● About this task
Pictures are to be left out, and the rest of the records reproduced exactly.
[Opening Data listing section]
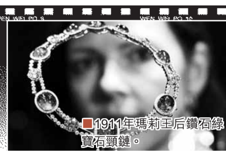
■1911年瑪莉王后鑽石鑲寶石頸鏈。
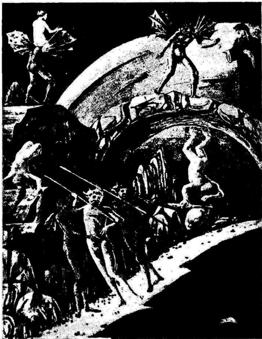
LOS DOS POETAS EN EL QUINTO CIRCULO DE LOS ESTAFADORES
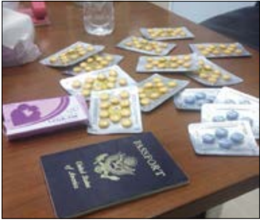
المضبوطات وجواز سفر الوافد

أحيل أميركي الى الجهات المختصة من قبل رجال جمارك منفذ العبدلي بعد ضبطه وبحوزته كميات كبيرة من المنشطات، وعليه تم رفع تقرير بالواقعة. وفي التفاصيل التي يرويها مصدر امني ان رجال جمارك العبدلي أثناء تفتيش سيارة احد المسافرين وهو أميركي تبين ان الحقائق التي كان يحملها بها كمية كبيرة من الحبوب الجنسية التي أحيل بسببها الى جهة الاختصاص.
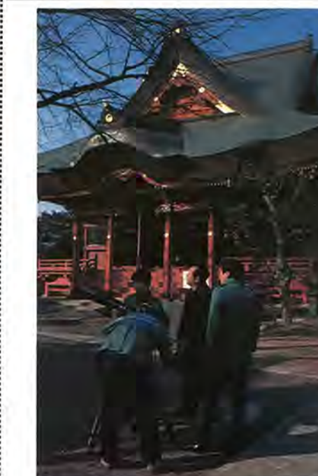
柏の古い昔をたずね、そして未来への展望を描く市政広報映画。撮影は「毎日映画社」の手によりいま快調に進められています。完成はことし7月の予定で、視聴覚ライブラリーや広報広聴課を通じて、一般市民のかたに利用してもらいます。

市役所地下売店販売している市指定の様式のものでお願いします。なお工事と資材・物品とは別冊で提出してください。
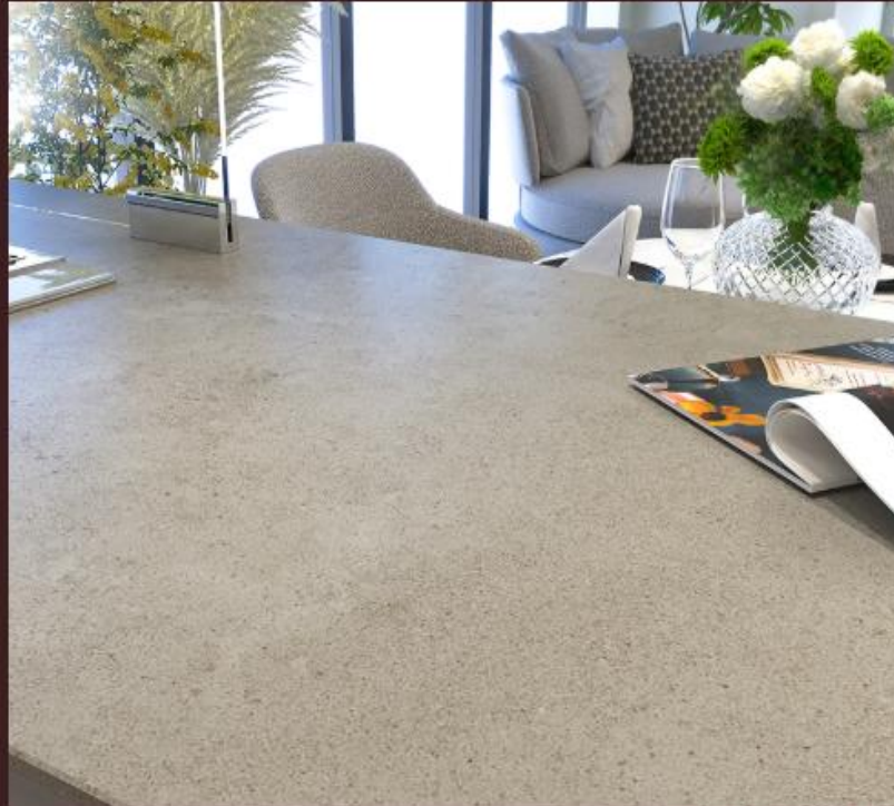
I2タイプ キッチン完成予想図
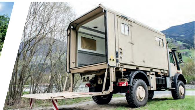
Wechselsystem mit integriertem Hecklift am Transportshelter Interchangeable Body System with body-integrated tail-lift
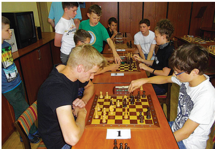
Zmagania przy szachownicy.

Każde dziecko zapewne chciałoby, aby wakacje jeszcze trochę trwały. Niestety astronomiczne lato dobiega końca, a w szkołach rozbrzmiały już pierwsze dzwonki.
[Closing Data listing section]
● Your solution
■1911年瑪莉王后鑽石鑲寶石頸鏈。
LOS DOS POETAS EN EL QUINTO CIRCULO DE LOS ESTAFADORES
المضبوطات وجواز سفر الوافد

أحيل أميركي الى الجهات المختصة من قبل رجال جمارك منفذ العبدلي بعد ضبطه وبحوزته كميات كبيرة من المنشطات، وعليه تم رفع تقرير بالواقعة. وفي التفاصيل التي يرويها مصدر امني ان رجال جمارك العبدلي أثناء تفتيش سيارة احد المسافرين وهو أميركي تبين ان الحقائق التي كان يحملها بها كمية كبيرة من الحبوب الجنسية التي أحيل بسببها الى جهة الاختصاص.
柏の古い昔をたずね、そして未来への展望を描く市政広報映画。撮影は「毎日映画社」の手によりいま快調に進められています。完成はことし7月の予定で、視聴覚ライブラリーや広報広聴課を通じて、一般市民のかたに利用してもらいます。

市役所地下売店販売している市指定の様式のものでお願いします。なお工事と資材・物品とは別冊で提出してください。
I2タイプ キッチン完成予想図
Wechselsystem mit integriertem Hecklift am Transportshelter Interchangeable Body System with body-integrated tail-lift
Zmagania przy szachownicy.

Każde dziecko zapewne chciałoby, aby wakacje jeszcze trochę trwały. Niestety astronomiczne lato dobiega końca, a w szkołach rozbrzmiały już pierwsze dzwonki.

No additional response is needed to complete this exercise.